Telah saya jelaskan di awal tulisan ini bahwa wanita itu dapat terfitnah juga dengan sesuatu yang ada dalam diri seorang lelaki muslim (baca: ikhwan), baik itu berupa perhatian, kebaikan, kelembutan, dan ungkapan-ungkapan manis terhadapnya.
Ini perlu menjadi perhatian para ikhwan agar mereka semua berusaha tidak melakukan pelanggaran dalam penggunaan alat telekomunikasi, khususnya HP (handphone).

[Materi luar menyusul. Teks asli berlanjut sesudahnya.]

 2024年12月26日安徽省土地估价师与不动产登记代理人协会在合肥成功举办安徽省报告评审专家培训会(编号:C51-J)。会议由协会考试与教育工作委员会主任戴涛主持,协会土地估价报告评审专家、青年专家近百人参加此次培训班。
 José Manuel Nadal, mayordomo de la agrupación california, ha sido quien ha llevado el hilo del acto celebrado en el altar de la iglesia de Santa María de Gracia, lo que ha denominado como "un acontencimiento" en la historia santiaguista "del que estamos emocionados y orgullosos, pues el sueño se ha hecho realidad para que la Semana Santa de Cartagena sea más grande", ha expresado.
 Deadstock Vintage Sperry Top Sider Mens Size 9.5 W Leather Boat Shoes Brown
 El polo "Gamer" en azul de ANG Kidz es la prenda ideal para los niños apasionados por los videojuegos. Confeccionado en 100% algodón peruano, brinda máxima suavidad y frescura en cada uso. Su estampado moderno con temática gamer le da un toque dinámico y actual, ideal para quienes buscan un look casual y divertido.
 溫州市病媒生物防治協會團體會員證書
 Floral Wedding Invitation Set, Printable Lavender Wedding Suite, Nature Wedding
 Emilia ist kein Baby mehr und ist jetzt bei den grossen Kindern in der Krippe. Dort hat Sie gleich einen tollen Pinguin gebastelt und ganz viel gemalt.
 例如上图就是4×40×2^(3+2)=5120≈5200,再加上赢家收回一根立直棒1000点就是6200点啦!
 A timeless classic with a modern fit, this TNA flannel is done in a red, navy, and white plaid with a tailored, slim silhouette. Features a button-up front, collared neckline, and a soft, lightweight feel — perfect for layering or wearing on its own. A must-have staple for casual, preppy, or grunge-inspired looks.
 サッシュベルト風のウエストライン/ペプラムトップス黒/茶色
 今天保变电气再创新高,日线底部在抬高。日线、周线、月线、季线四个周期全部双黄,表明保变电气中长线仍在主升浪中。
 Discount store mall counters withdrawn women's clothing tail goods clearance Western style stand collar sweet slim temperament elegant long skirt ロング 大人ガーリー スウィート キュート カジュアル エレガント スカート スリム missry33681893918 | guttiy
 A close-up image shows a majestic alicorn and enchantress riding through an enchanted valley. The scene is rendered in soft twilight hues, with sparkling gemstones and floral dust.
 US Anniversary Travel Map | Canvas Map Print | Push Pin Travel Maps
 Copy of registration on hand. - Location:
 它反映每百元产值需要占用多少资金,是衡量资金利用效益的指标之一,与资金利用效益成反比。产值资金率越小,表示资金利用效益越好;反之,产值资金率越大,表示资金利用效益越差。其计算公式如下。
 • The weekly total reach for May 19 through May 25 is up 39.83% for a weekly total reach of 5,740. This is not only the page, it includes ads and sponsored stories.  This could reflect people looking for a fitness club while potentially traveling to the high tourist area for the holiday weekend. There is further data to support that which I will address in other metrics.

Bagaimana bisa seseorang yang mengaku paham ilmu agama tidak mengetahui faktor-faktor fitnah (godaan)? Kita berusaha berpikir positif bahwa mungkin saja dia terlupa akan ilmu yang selama ini dipelajari, mungkin ia sedang khilaf, atau bisa juga karena tidak ada teman yang menasihati dan mengingatkannya. Bukan ingin menyalahkan seorang laki-laki dalam penggunaan alat telekomunikasi ini, melainkan hendaknya ikhwan dan akhwatberusaha membuat batas-batas dalam komunikasi yang terjadi antara mereka.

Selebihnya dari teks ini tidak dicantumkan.